Sebagai pemimpin revolusi, Imam Ayatullah Khomeini tidak hanya memiliki karisma kuat. Buat teman-teman dekatnya, dia dikenal pria langsing tapi atletis. Satu ciri yang tidak bisa dihilangkan adalah soal tepat waktu.
Menurut salah satu anak perempuannya, hidup Khomeini sangat teratur. Sampai-sampai jika dia tidak muncul saat tiba waktu makan, maka semua orang sangat cemas. Dia melakukan semua kebiasaan tepat waktu, baik makan, tidur, bangun, mandi, dan hal lainnya. Selain itu, pemimpin Revolusi Iran itu juga terbiasa teratur saat mengerjakan tugas-tugasnya.
Tidak hanya para kerabat kagum akan kebiasaan Khomeini. Sesama ulama pun angkat topi saat berbicara tentang kepribadian dia. Menurut Syekh ahmad Deedat, ulama Sunni asal Afrika Selatan, pemimpin Garda Revolusi Islam Iran itu adalah sosok berwibawa dan berilmu tinggi. "Saya suatu saat melihat dia memberikan ceramah sekitar setengah jam. Selama itu, semua bahan pembicaraannya berasal dari Al-Qur'an. Buat saya, dia seperti Al-Qur'an berjalan," kata Ahmad Deedat dikutip dari situs www.wikipedia.com.
Deedat menambahkan, saat Khomeini menyampaikan ceramah sangat terasa getaran karisma yang dia miliki. Bahkan, lanjut Deedat, tiba-tiba saja air mata menetes selama mendengarkan dia.
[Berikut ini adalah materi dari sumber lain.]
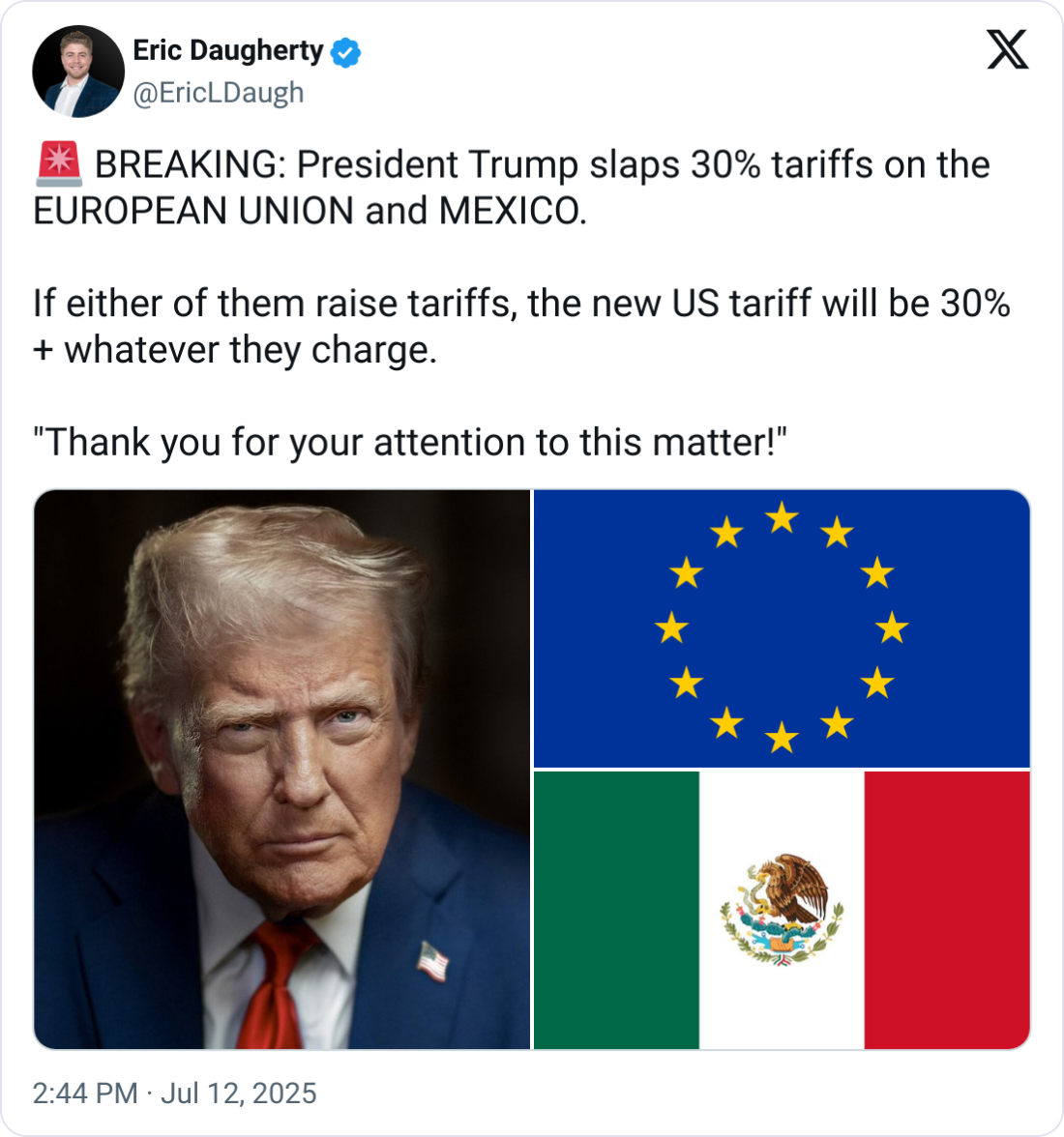 🇲🇽 Mexico Remains Top U.S. Trade Partner, but Faces New 30% Tariff Threat from Trump. Mexico led all U.S. trade partners in May with $74.5 billion in total trade, driven by strong computer and auto exports. But a new 30% tariff announced by President Trump, set to potentially take effect August 1, threatens to disrupt cross-border supply chains. Citing national security and fentanyl concerns, the proposed duties on Mexican and EU imports have sparked backlash from international leaders and cast uncertainty over USMCA protections. “Mexico has been helping me secure the border, BUT, what Mexico has done is not enough,” Trump stated. Freight professionals now face mounting costs and compliance risks as frontloading and routing adjustments accelerate ahead of the deadline.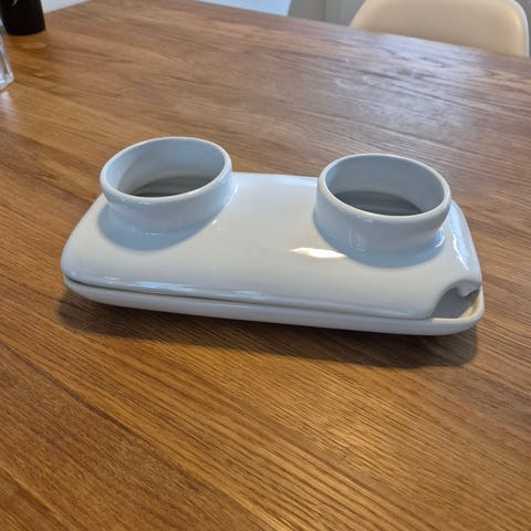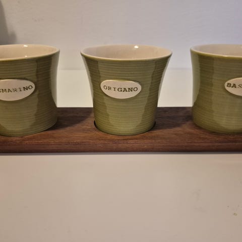 Myydään hyväkuntoiset kuvien mukaiset Sagaformin yrttiruukut (3 kpl) ja niiden puinen alusta. Alustassa toisessa reunassa muutama pieni "halkeama" (merkitty kuvaan). Yhdessä ruukussa (origano) on sisäpinnalla lasitteessa muutama pintahalkeama (krakelloituminen ?), näkyy viimeisessä kuvassa.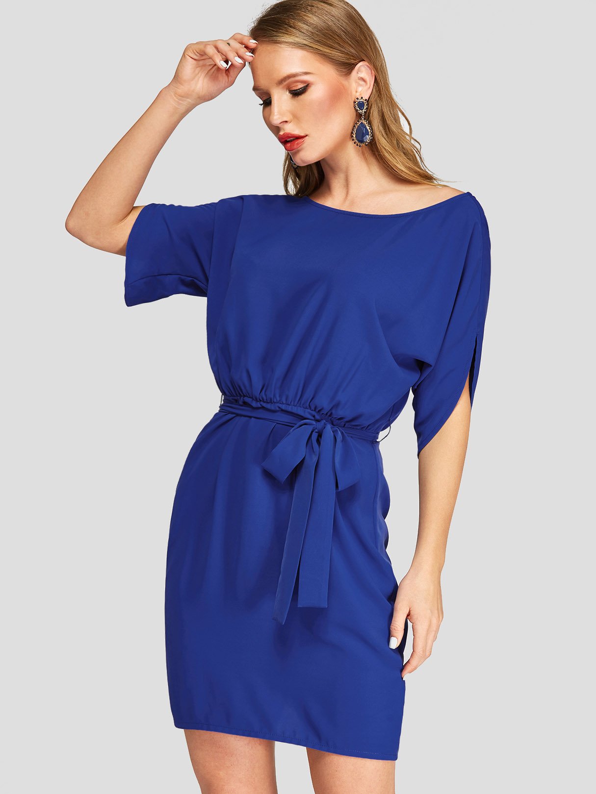 Groothandel Koningsblou Ronde nek Halfmou Plain Belt Toevallige rok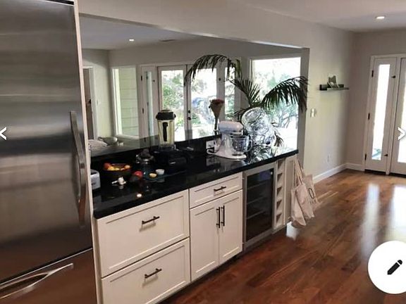 2 bedroom 2 bathroom home on The Mesa. Close to down town, The Mesa beaches, Lazy Acres and yet feels removed and above it all. The home is set in an Oak forest, hawks flying and views of Cathedral Peak. A very special Sanctuary Home boasting many French doors, much natural light, 2 patios, large gated natural yard space, views, chefs kitchen with Viking appliances, multiple shower heads in each shower, large off street parking area and a separate office space with large glass doors.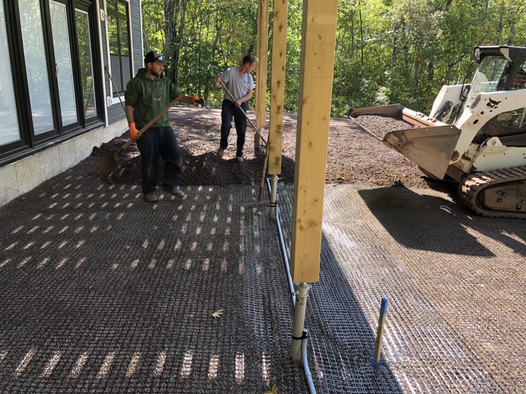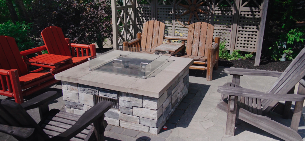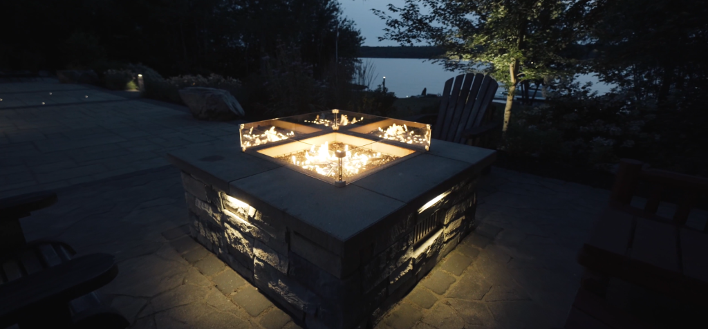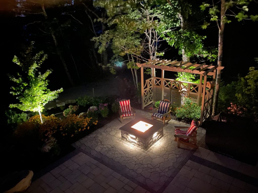 Soft glows along the exterior and patio areas create a warm and welcoming ambiance, perfectly complementing the flicker of the fireplace. The lighting not only enhances the visual appeal of the home at night but also improves safety and usability, allowing the homeowners to enjoy their outdoor spaces well into the evening.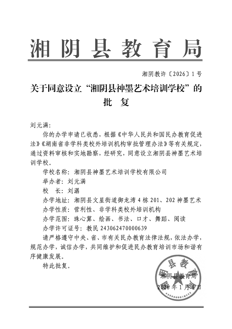 关于同意设立“湘阴县神墨艺术培训学校”的批复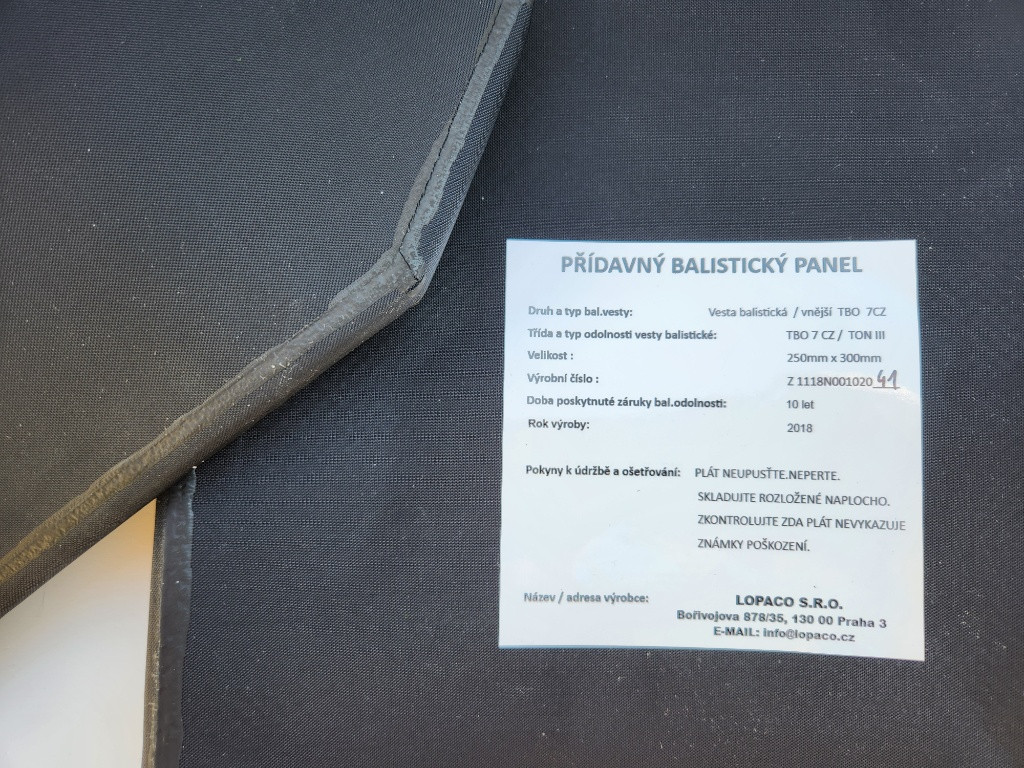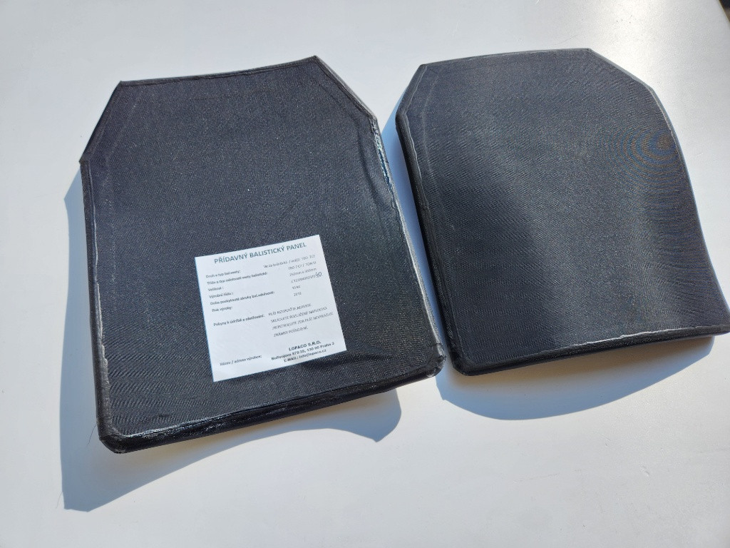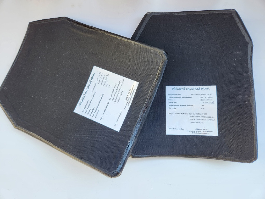 Nabízím k prodeji přídavné balistické pláty do vesty nebo nosiče. Velikost 25x30cm,výrobce LOPACO.Balistická odolnost TBO 7CZ,rok výroby 2018.Pláty byly ve vestě a nesou známky použití,někde se začala krabatit ta vrchní textilní vrstva tak byly vyřazené.Jinak jsou v pořádku bez poškození a můžou ještě dobře posloužit. Cena za oba (přední + zadní) 6500kč + zásilkovna.Obdobné nové pláty stojí třeba 9000kč/kus.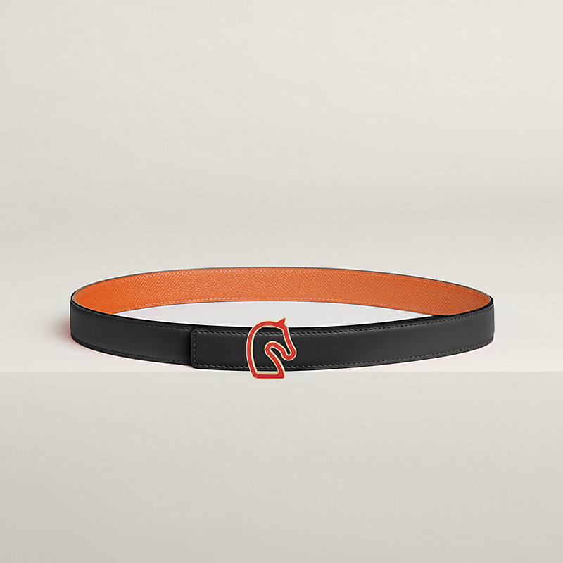漆艺金属皮带扣。Tonnerre 24致意品牌的首位顾客:骏马。这款皮带扣以简约几何线条勾勒马首轮廓,点缀哑光漆面装饰。 & Swift和Epsom小牛皮双面皮腰带。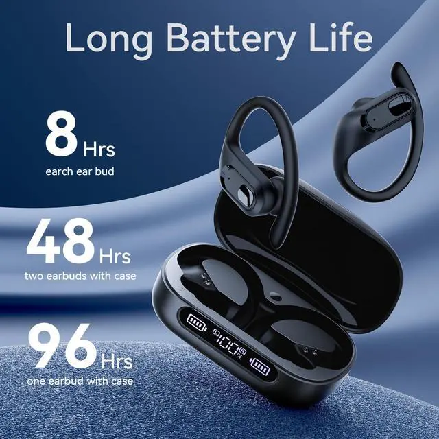 96hrs Playback and Digital Charging Case: Each ear bud offers up to 8 hours of listening time on a single charge, allowing you to enjoy a total of 96 hours of music by taking turns with the charging case. Wireless earbuds feature a dual digital display that provides real-time battery status. Easily monitor the remaining power and plan your usage accordingly. Wireless bluetooth headphones support wired charging with a Type-C cable and wireless charging.

Dia mengatakan pemimpin revolusi Iran itu adalah pria tua paling tampan yang pernah dia temui.
Namun, Khomeini dikenal memiliki perangai acuh tak acuh dan tegas. Saking tegasnya sampai beberapa pihak menilai dia keras kepala. Menurut pengakuan Khomeini dia bersikap seperti itu karena terinspirasi dari kekaguman dan ketakutan orang-orang di sekitarnya.
Saat berjalan, Khomeini jarang tersenyum. Bahkan saat ceramah dia seakan mengacuhkan tatapan jamaah.
Khomeini memiliki prinsip menyentuh berbagai benda kotor atau minuman keras, darah, dan bahkan berjabat tangan kepada non-muslim hukumnya najis. Jika dia sampai memegangnya secara sengaja atau tidak, maka dia buru-buru mengambil wudhu atau mandi jika perlu. Itu adalah contoh dia sangat memegang teguh nilai-nilai Islam dalam mengatur kehidupan sehari-hari.
Satu hal lagi, Ayatullah Khomeini dilaporkan tidak mau makan atau minum di rumah makan sampai dia tahu benar pelayannya adalah muslim.